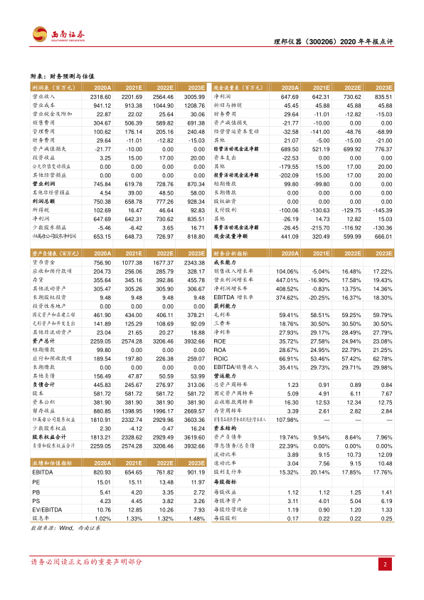 本报告对理邦仪器(300206)2020年年报进行了深度分析,核心观点如下:
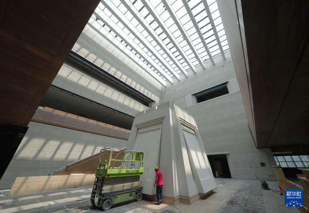 8月4日,工人在山海关中国长城博物馆进行内部装修施工。
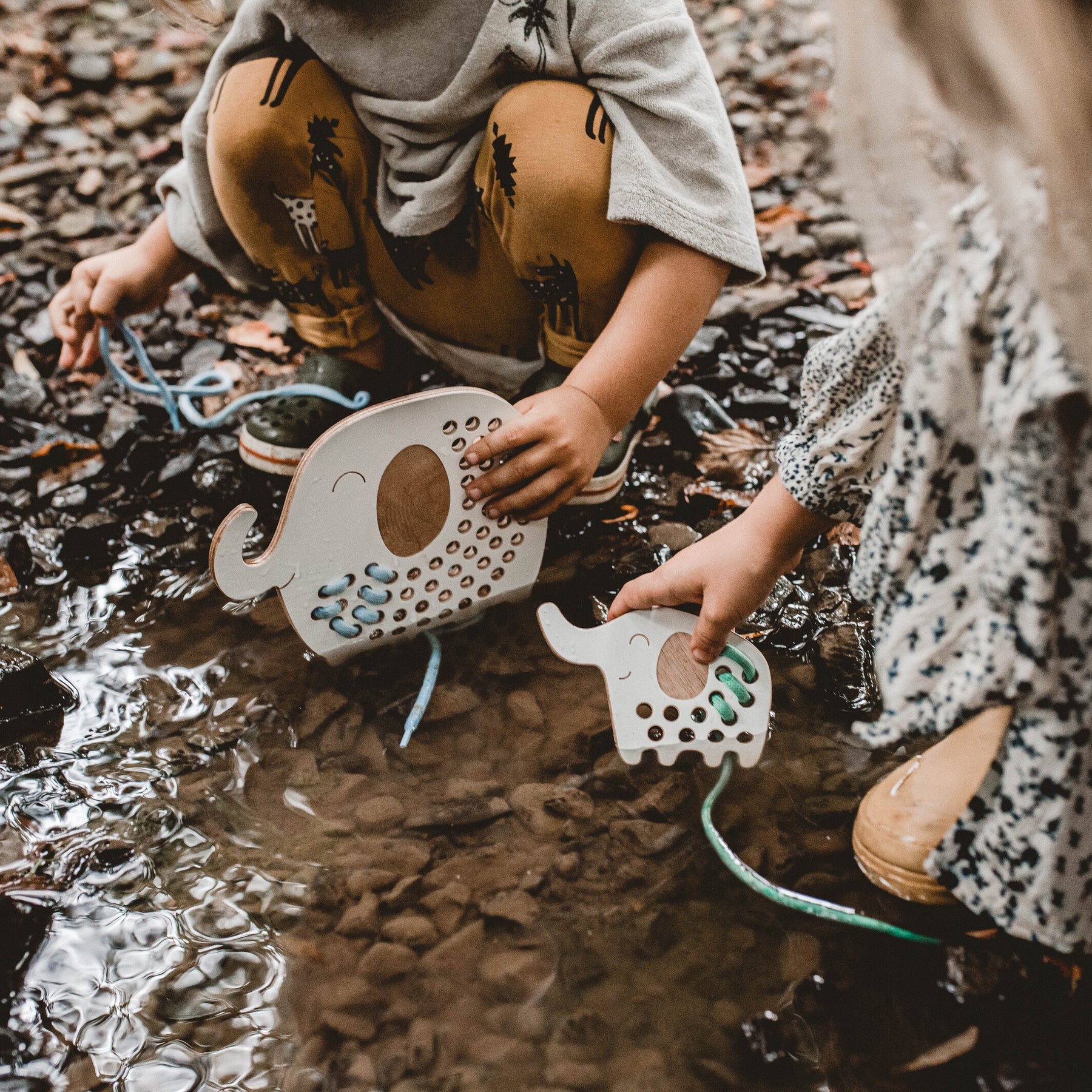Oliver der Elefant – Hölzernes Montessori-Schnürspielzeug für Kinder
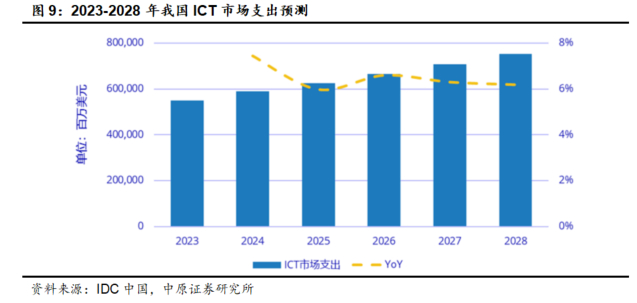 IDC预测2028年我国ICT市场规模接近7517.6亿美元,五年复合增长率(CAGR)为6.5%。其中,消费端在政策刺激与新兴技术产品推动下迎来复苏,智能终端需求有所增长。企业视角下,2024年我国企业级ICT市场规模约为2693.6亿美元,同比增长11.7%,高于GDP增速。自2024年起我国企业级ICT市场以每年11.5%的复合增长率增长,2028年我国企业级ICT市场规模接近4150亿美元。出海、云计算、AI及算力部署成为市场增长核心引擎。
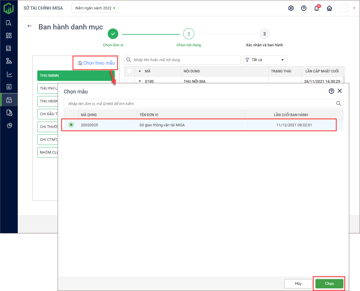 - Khi chọn theo mẫu, Sở tài chính chọn ban hành theo mẫu của đơn vị nào => Phần mềm sẽ lấy toàn bộ các nội dung danh mục của đơn vị đó sang đơn vị được ban hành lần này.
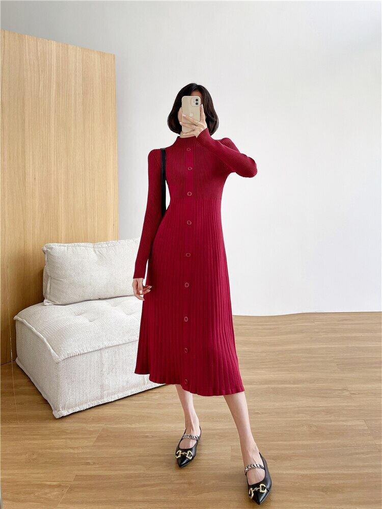 SMTHMA ニットハーフタートルネックミディセータードレス秋冬女性長袖弾性ドレススリム Vestidos ロング エラスティック 伸縮 オータム 秋物 ウィンター 冬物

Your assignment
Copy out the listing above in full and leave out its pictures.

Response area
 本报告对理邦仪器(300206)2020年年报进行了深度分析,核心观点如下:
 8月4日,工人在山海关中国长城博物馆进行内部装修施工。
Oliver der Elefant – Hölzernes Montessori-Schnürspielzeug für Kinder
 IDC预测2028年我国ICT市场规模接近7517.6亿美元,五年复合增长率(CAGR)为6.5%。其中,消费端在政策刺激与新兴技术产品推动下迎来复苏,智能终端需求有所增长。企业视角下,2024年我国企业级ICT市场规模约为2693.6亿美元,同比增长11.7%,高于GDP增速。自2024年起我国企业级ICT市场以每年11.5%的复合增长率增长,2028年我国企业级ICT市场规模接近4150亿美元。出海、云计算、AI及算力部署成为市场增长核心引擎。
 - Khi chọn theo mẫu, Sở tài chính chọn ban hành theo mẫu của đơn vị nào => Phần mềm sẽ lấy toàn bộ các nội dung danh mục của đơn vị đó sang đơn vị được ban hành lần này.
 SMTHMA ニットハーフタートルネックミディセータードレス秋冬女性長袖弾性ドレススリム Vestidos ロング エラスティック 伸縮 オータム 秋物 ウィンター 冬物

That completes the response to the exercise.